I have been bringing up an application on nRF54L15-DK, and about 50% of the time it hardfaults on initialization. I tracked down the cause to a branch to address 0, caused by stack corruption to the return PC.
I can't get it to crash on sample code, but the root cause is there there on any nRF54 build including MPSL.
Here are the steps:
- Select any Bluetooth sample, I'm using peripheral_hids_keyboard.
- Build for nrf54l15dk/nrf54l15/cpuapp
- Load onto target and attach a debugger.
- Breakpoint on mpsl_lib_init_sys
- Observe that the call stack shows it's being called in PRE_KERNEL_1 init level, which from Zephyr docs says "uses the interrupt stack"

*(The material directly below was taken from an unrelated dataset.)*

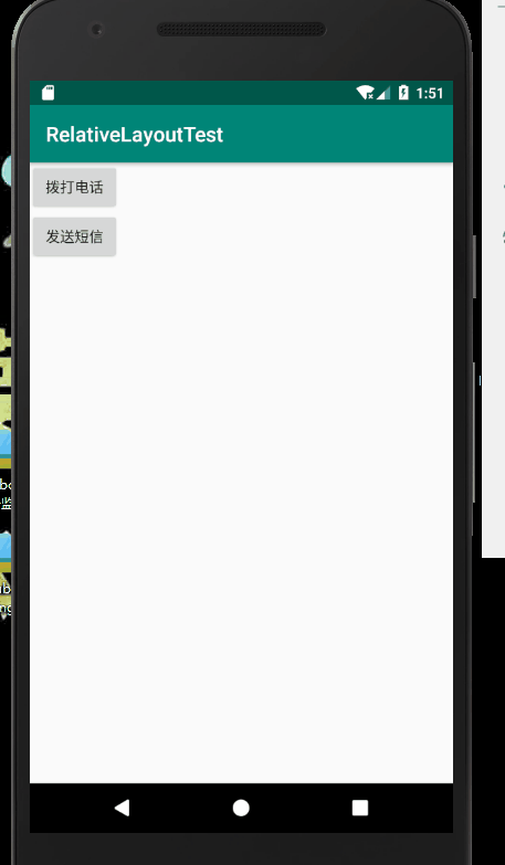 <?xml version="1.0" encoding="utf-8"?> <LinearLayout xmlns:android="http://schemas.android.com/apk/res/android" xmlns:app="http://schemas.android.com/apk/res-auto" xmlns:tools="http://schemas.android.com/tools" android:layout_width="match_parent" android:layout_height="match_parent" android:orientation="vertical" tools:context=".IntentActivity"> <Button android:id="@ id/call" android:text="拨打电话" android:layout_width="wrap_content" android:layout_height="wrap_content"/> <Button android:id="@ id/send" android:text="发送短信" android:layout_width="wrap_content" android:layout_height="wrap_content"/> </LinearLayout>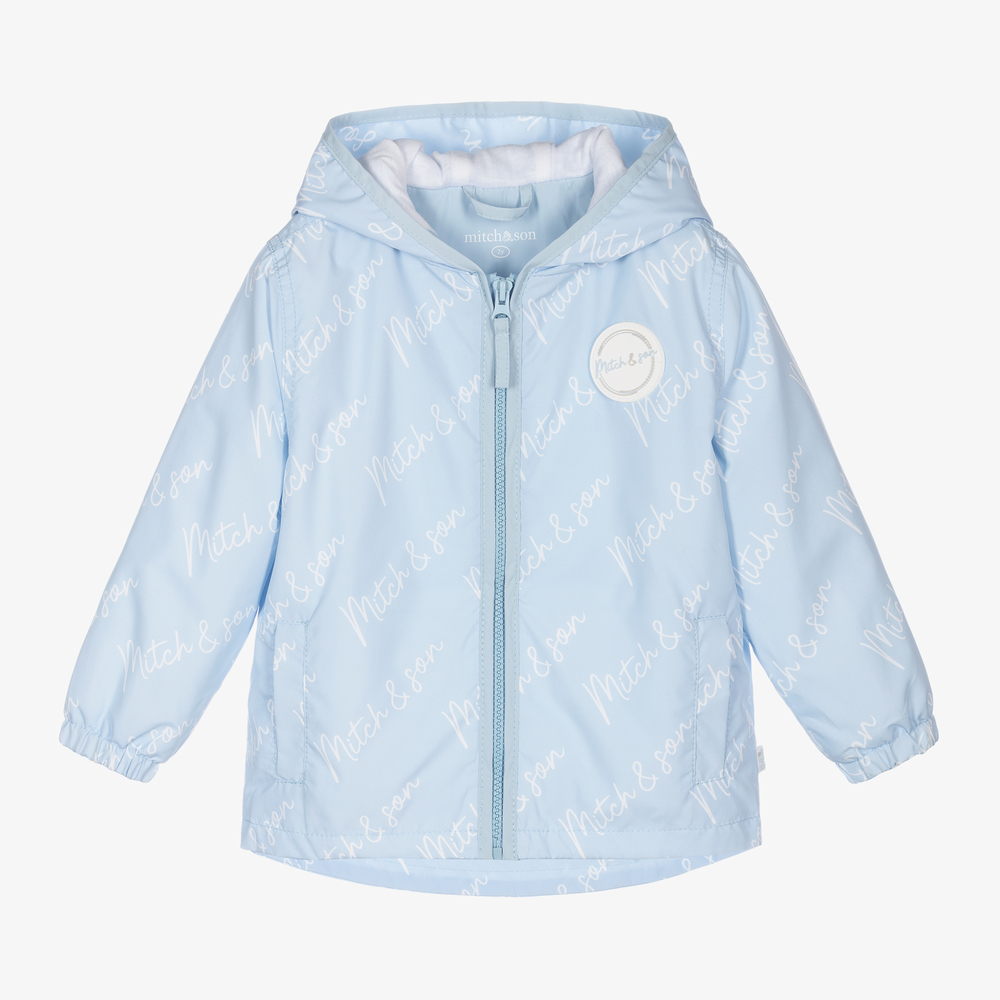 Pale blue hooded windbreaker jacket for boys, by Mitch & Son. Made in lightweight water repellent polyester, it has a rubberised logo badge on the chest, and a repeat script logo pattern all-over in white.

- Observe that the SP register is within the z_interrupt_stack range, confirming it's using interrupt stack
- Observe that the core is currently using PSP, and MSP is still at the top of the interrupt stack. The "background" stack and interrupt stack overlap, in other words.
- Within mpsl_lib_init_sys, it's connecting several interrupt handlers, including mpsl_rtc0_isr_wrapper (IRQ 229)
- Observe that NVIC_ISER7 is 0x00000020, so IRQ 229 is already enabled. This happens earlier in mpsl_init, no source available.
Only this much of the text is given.